LISTED RECORDS:
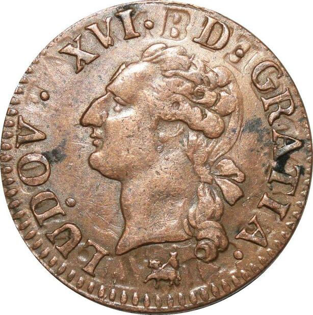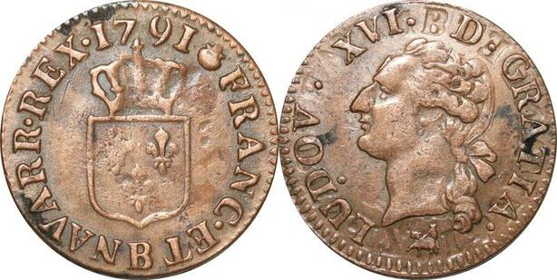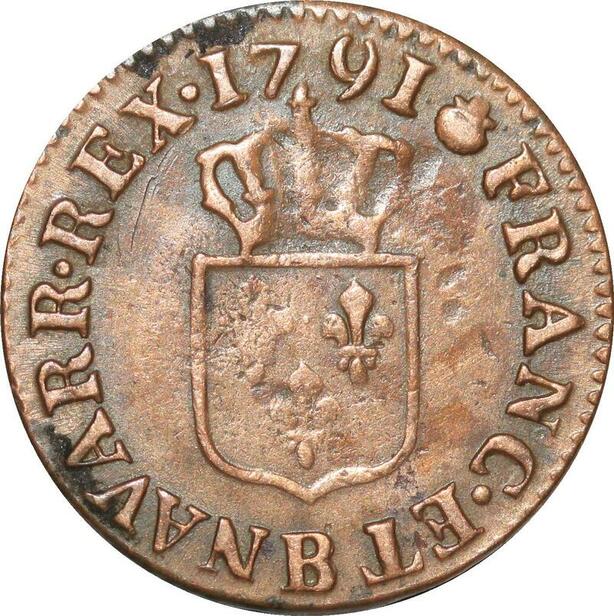 O9604 Rare France Coin choqué Liard Louis XVI 1791 B Rouen 2ème semestre ->Make offer
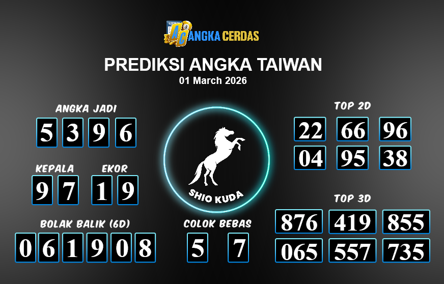 Prediksi Togel TAIWAN untuk hari ini Minggu, 01 Maret 2026, adalah salah
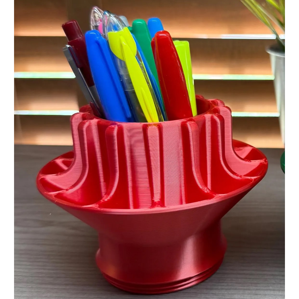 Whether used as a desktop storage holder, racing table décor, office organizer or car themed gift, this 3D printed F1 wheel nut pen holder makes your workspace look unique and stylish.
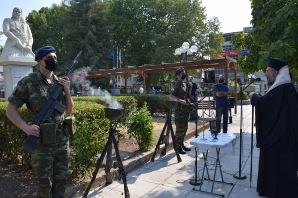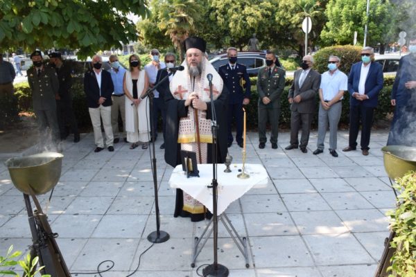 Στην συνέχεια ο Σεβασμιώτατος τέλεσε επιμνημόσυνη δέηση στην κεντρική πλατεία της πόλης των Τρικάλων. Εκεί έγινε και κατάθεση στεφάνων από φορείς της πόλης.
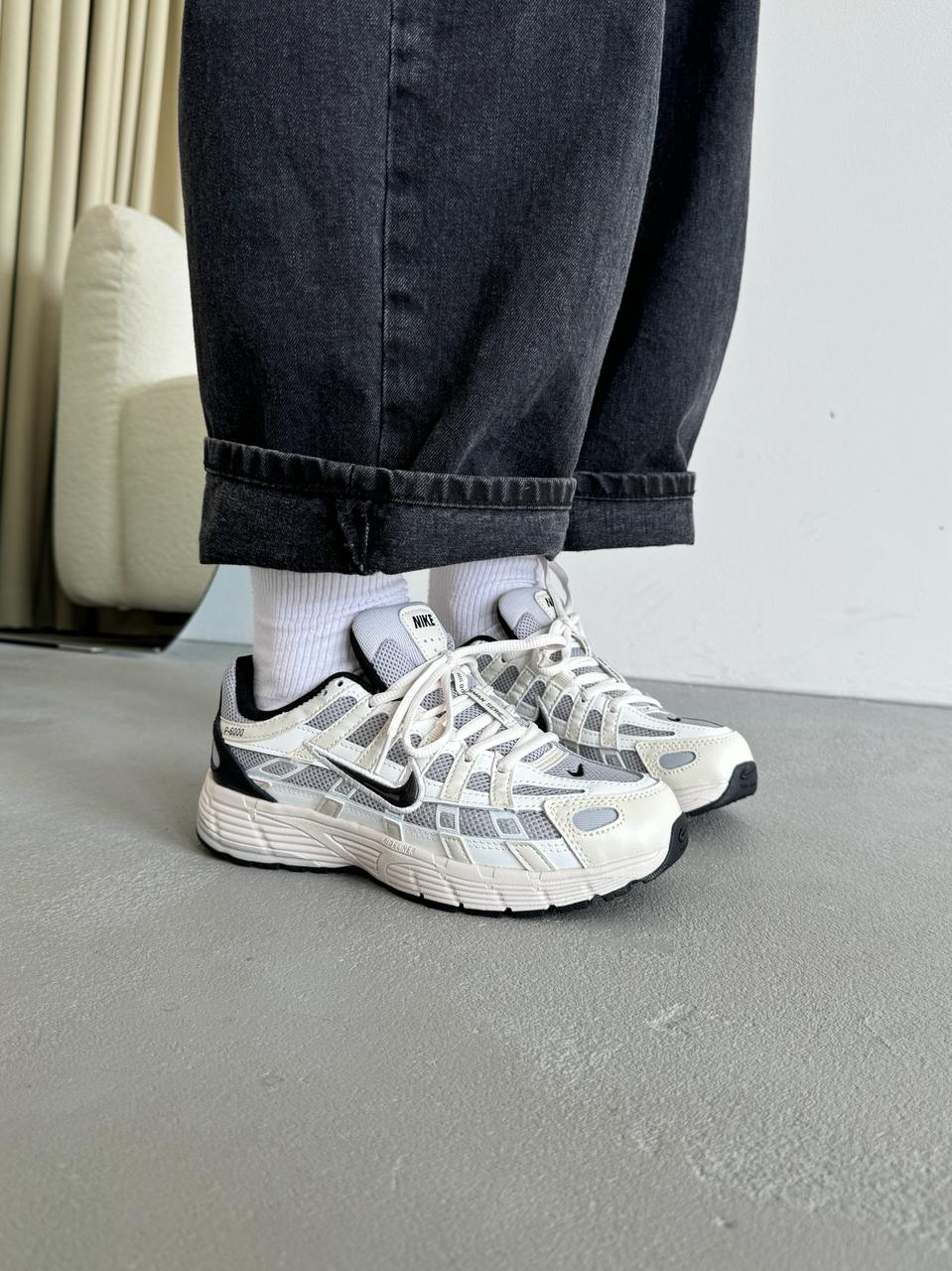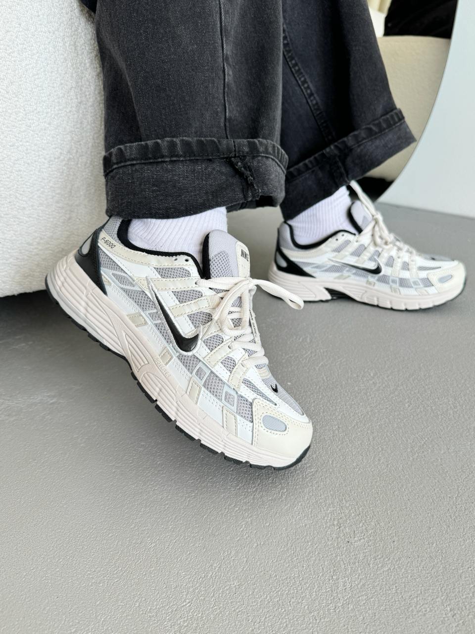 Nike P-6000 White Beige Black — це поєднання ретро-бігового силуету, багатошарової конструкції та збалансованої нейтральної палітри. Поєднання білого, бежевого та чорного створює універсальний, трохи вінтажний образ із сучасним міським характером, а фірмовий стиль Nike додає моделі впізнаваності та динаміки.
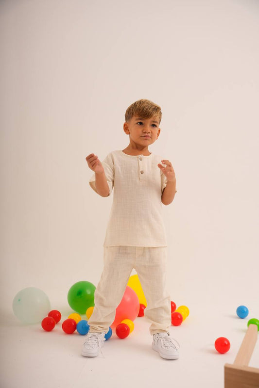 Set lino per djem. Vjen me bluze me menge te shkurter dhe tuta te gjata....
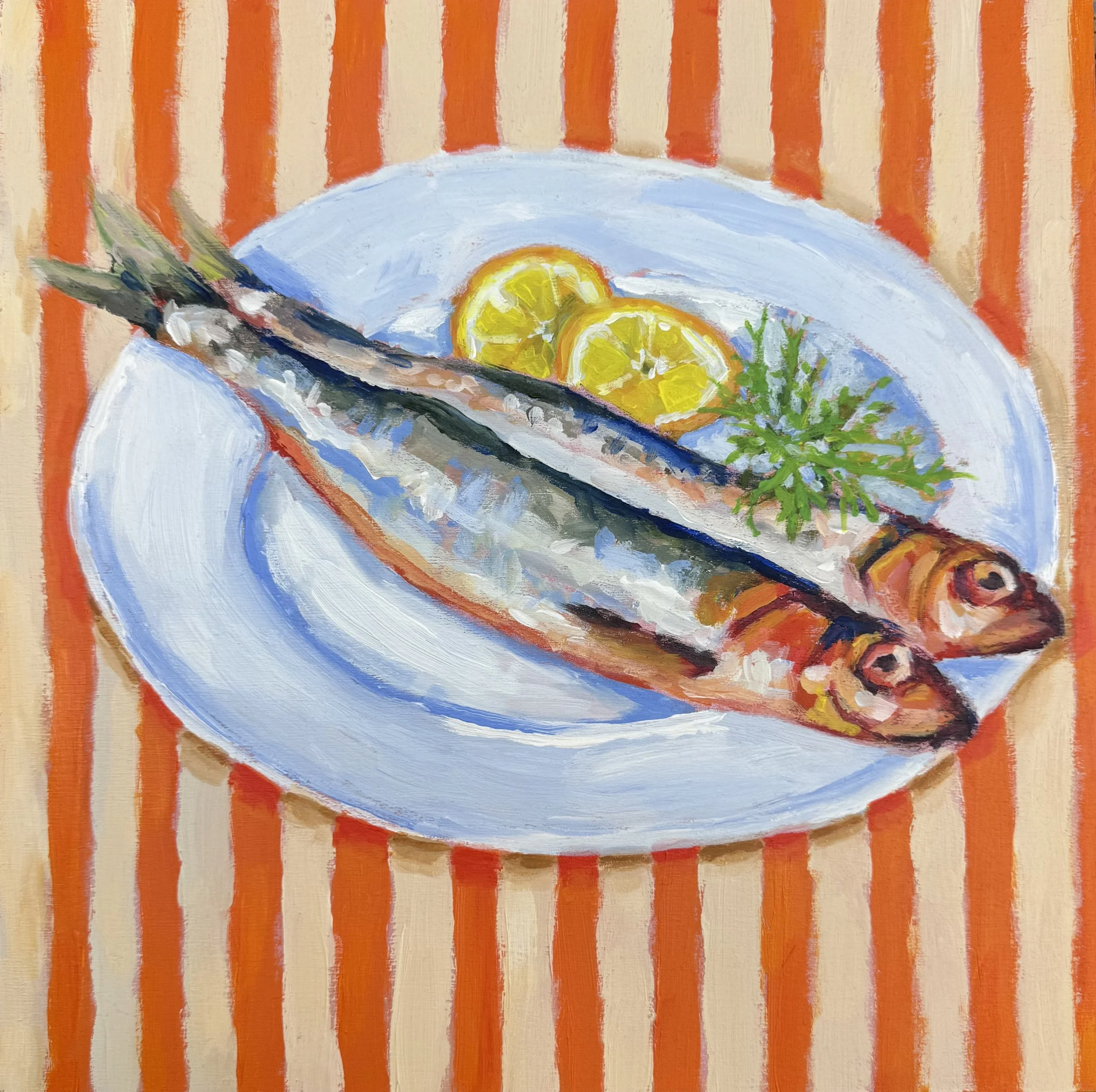 I live in Santa Cruz, but I am currently a senior at Stevenson School in Pebble Beach. Having been surrounded by the ocean my whole life, it is one of my favorite places to be, and I have found an odd interest in the beauty and human commodity of sealife. As much as I love to eat seafood, I also find the ocean and its creatures to be incredibly fascinating. I chose this year to focus on the beauty of fish and the process of how we, as humans, utilize them as food. My piece, “From Water to Table,” is one of several pieces in my portfolio this year, and it represents the death and presentation of fish as a meal.

EXERCISE REQUIREMENTS: Pictures are to be left out while the lines from the beginning of the records through the line with "Whether used as" are copied word for word.

EXERCISE ANSWER:
 O9604 Rare France Coin choqué Liard Louis XVI 1791 B Rouen 2ème semestre ->Make offer
 Prediksi Togel TAIWAN untuk hari ini Minggu, 01 Maret 2026, adalah salah
 Whether used as a desktop storage holder, racing table décor, office organizer or car themed gift, this 3D printed F1 wheel nut pen holder makes your workspace look unique and stylish.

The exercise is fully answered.